For example, if the question is, “What is human society?” the answer will be about a four sentence response from Edmund Burke.  If the question is “What is virtue?” then you could respond from Thomas Aquinas or Jane Eyre.  This forces the student to give more in depth answers and also integrates classic literature into his daily life.

The book ends with examples of final exams.  Two comments: they make for amazing reading.  There is only one question and it is several pages long. I was drawn into the stories they were telling.  Here’s the problem: given the nature and structure of the exam, if you give a student negative marks and his parents complain to the principal, you will almost certainly lose.  Doubly so if you are a new teacher.

Quotables

“If Wikipedia could ace your exams, then you are not teaching human beings but machines” (16).

Anything worth memorizing as a class is worth saying out loud every day for two weeks.  If it isn’t worth saying, then it isn’t worth memorizing (27).

“The work performed in a ceremony establishes the identity of the people involved because ceremony is neither for amusement nor edification; ceremony is a way of being, a way of besting the vanity of life under the sun” (28).

“As a teacher, I represent the dead” (41).

“Teachers are complicit in the cult of self-affirmation whenever they read long passages of classic literature aloud in class only to ask a room full of fourteen year olds, “So what do you think?” as though the answer truly mattered” (43).

Criticisms

I get his point that using a rubric does not escape the shadow of “subjectivity” in grading.  That’s true.  It does minimize the subjectivity, though, and the teacher is usually successful in arguing why he gave the grade he did based on the rubric.  Parents know that.  His case is even stronger if he gives out the rubric ahead of time.  I grant his point, however, that subjectivity is not the same as arbitrary.  A subjective judgment considers the worth or value of x, not necessarily its substance. 

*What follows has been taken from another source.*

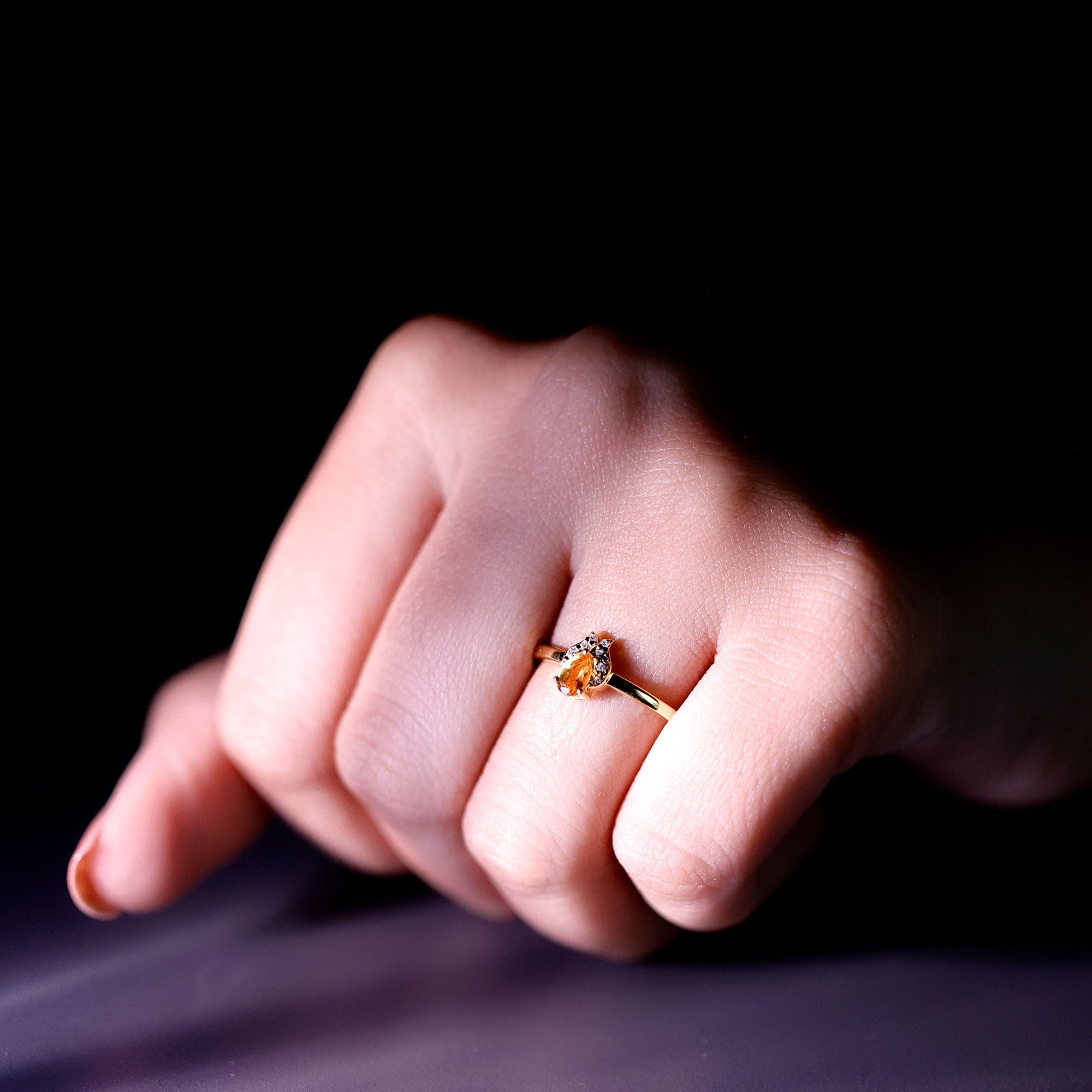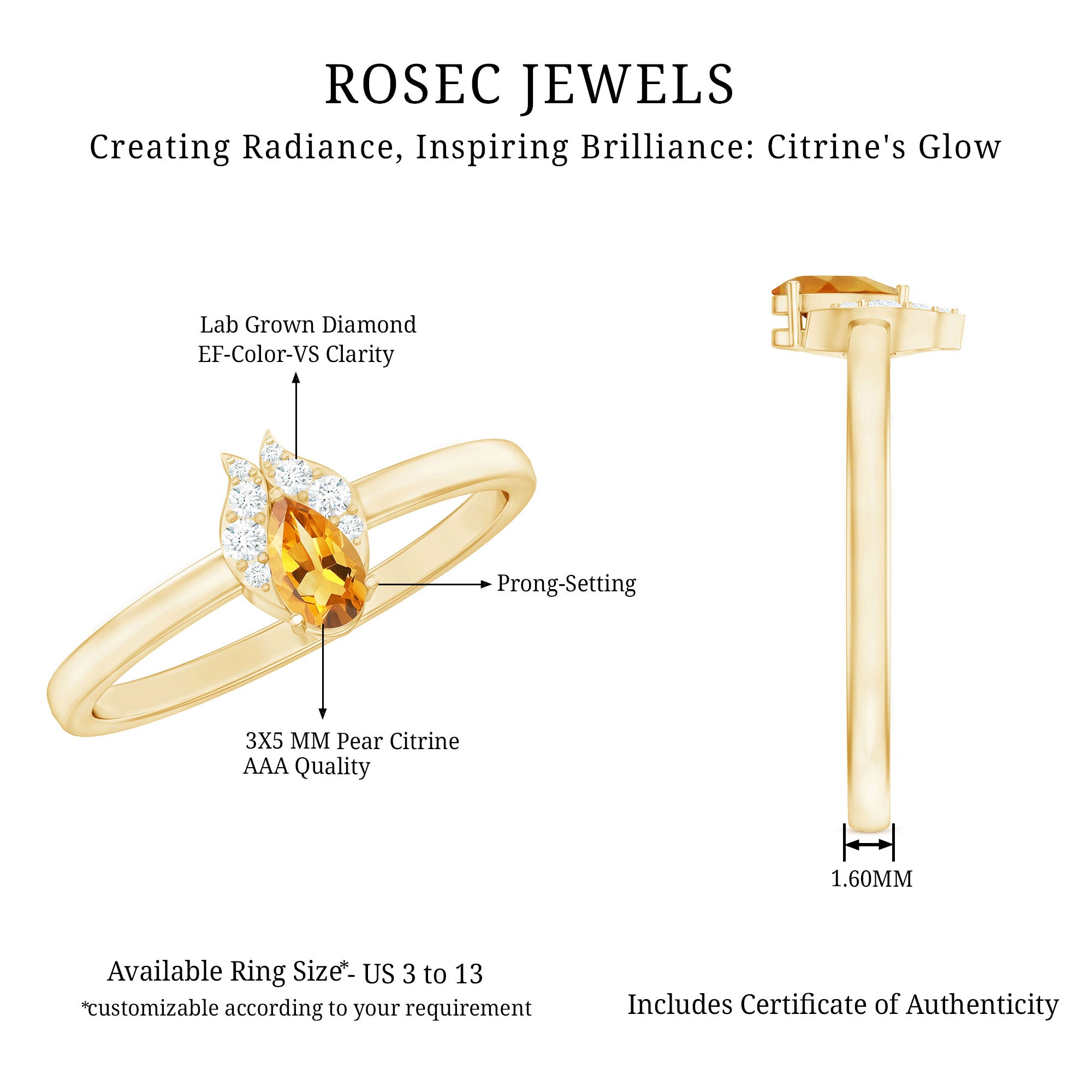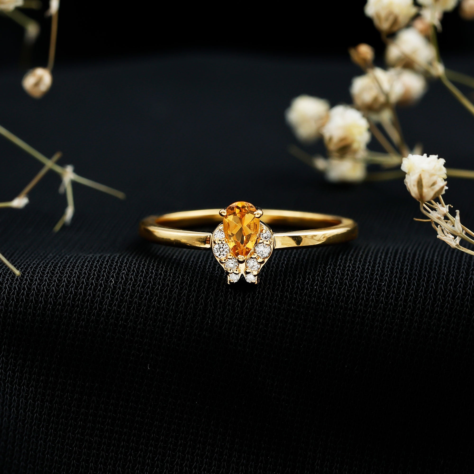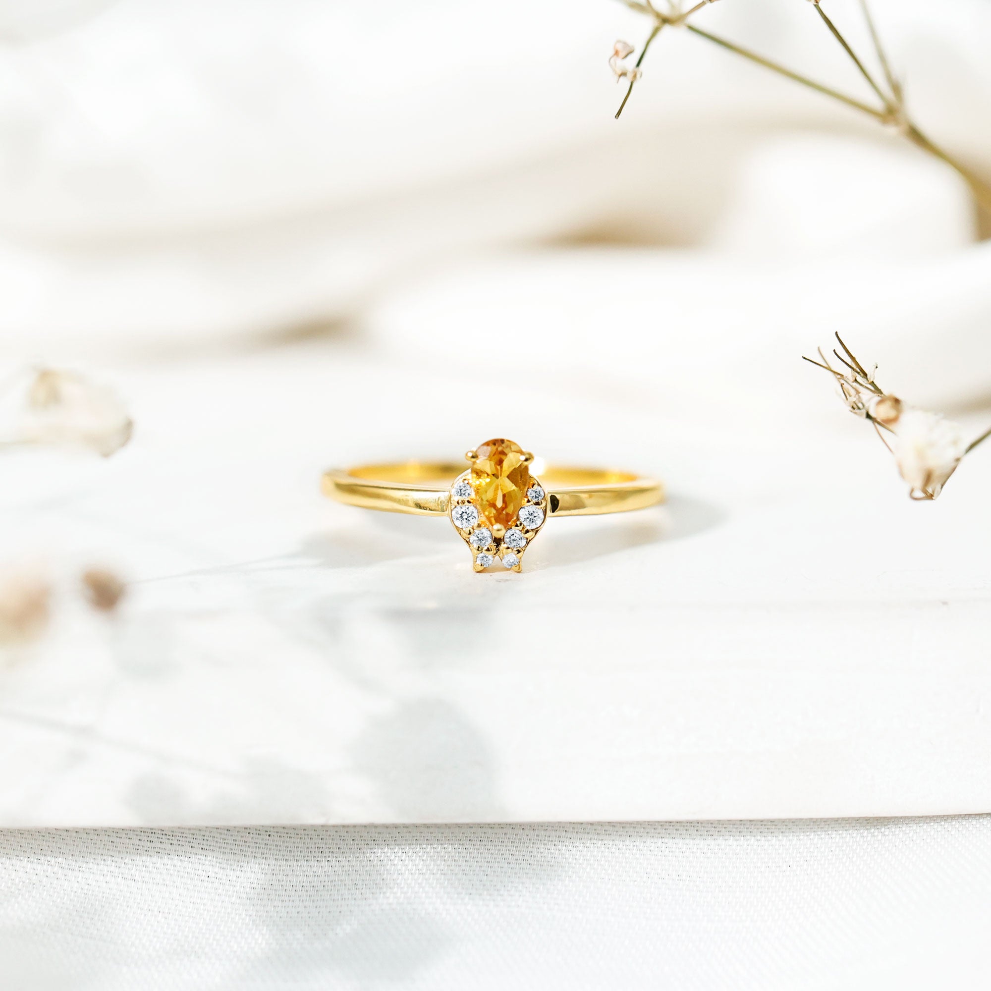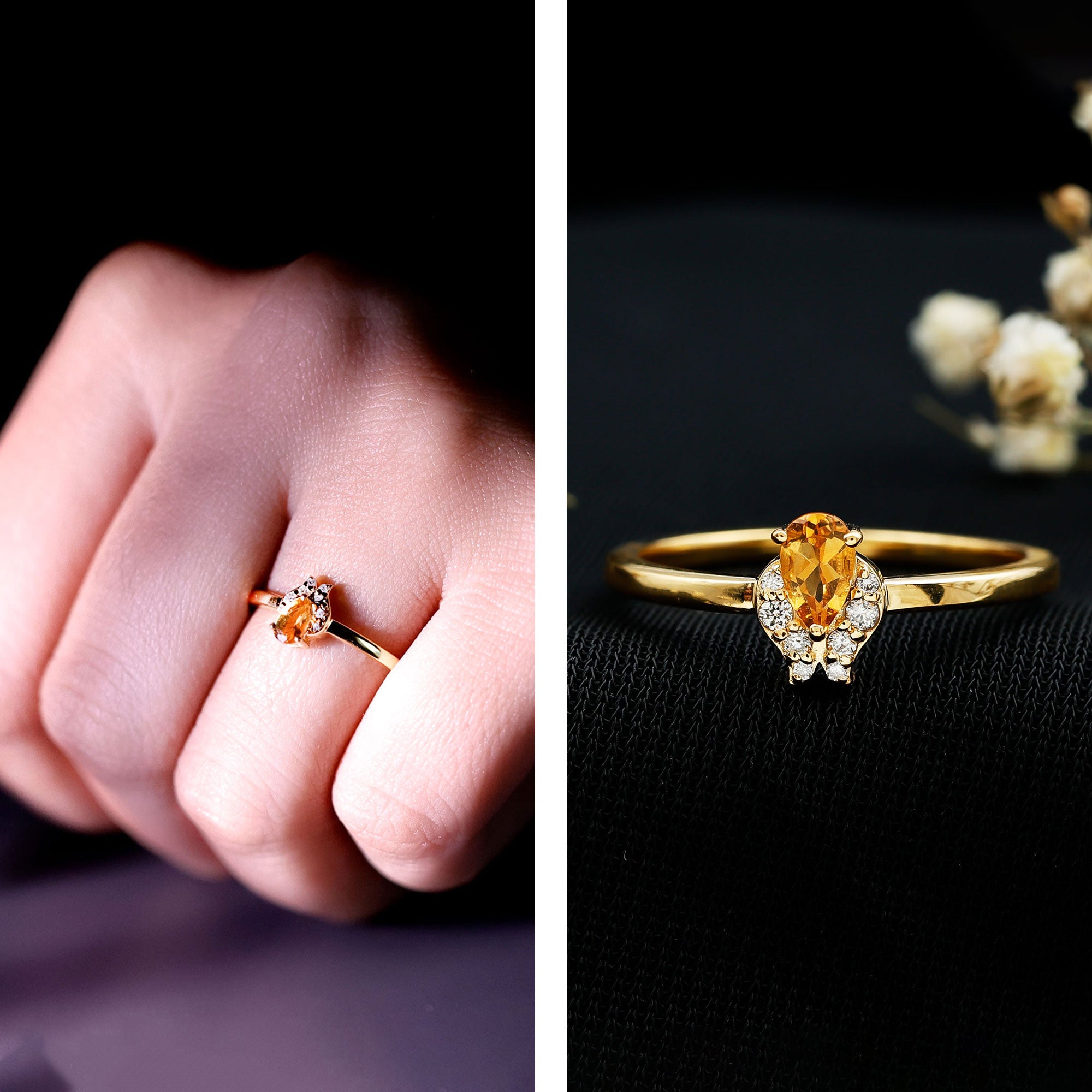 A gentle reminder of a heartfelt promise, this Citrine Ring is designed to be your everyday favorite. Whether you are celebrating a special moment or simply showing someone how much they mean to you, this Citrine and Diamond Ring is a heartfelt choice. At the center, it features a glowing 3X5 MM pear shaped citrine that instantly draws the eye. What makes this ring even more special is the sparkling touch of round cut lab-grown diamonds that gently frame the citrine. They add a soft shimmer without taking away from the beauty of the center stone. Together, the mix of sparkle and warm color creates a perfect balance that feels both elegant and meaningful. The band is made with 14k yellow gold plated silver, giving it a rich, polished look while still being lightweight and comfortable for everyday wear. It is designed to be simple and stylish, something you or your loved one can wear with ease. This Minimalist Ring makes a wonderful promise ring, birthday gift, or even a just-because piece. It comes packaged in a beautiful jewelry box with a certificate of authenticity, making it ready for gifting the moment it arrives. If youre looking for a piece that speaks from the heart, this Citrine Promise Ring is a lovely way to show your love.

Beauty in the Word (Caldecott)

Caldecott, Stratford.  Beauty in the Word: Rethinking the Foundations of Education. Tacoma, WA: Angelico Press, 2012.

Stratford Caldecott has never found a speculation too bold.  That might be a criticism of his earlier work, Beauty for Truth’s Sake.  This volume covers similar material but is more practical for the educator.  He sees Trinitarian parallels in the Trivium/Quadrivium, and this is sometimes distracting.  Nonetheless, his incisive comments on education today cannot be ignored.

Taking his cue from Dorothy Sayers, he structures the architecture of education, perhaps even of the mind, around the “parrot, pert, poet” model.  For him it is “Be, Think, Speak,” respectively Grammar, Dialectic, and Rhetoric.  I think it is sound in its basic outline; I wouldn’t make it carry too much freight, though.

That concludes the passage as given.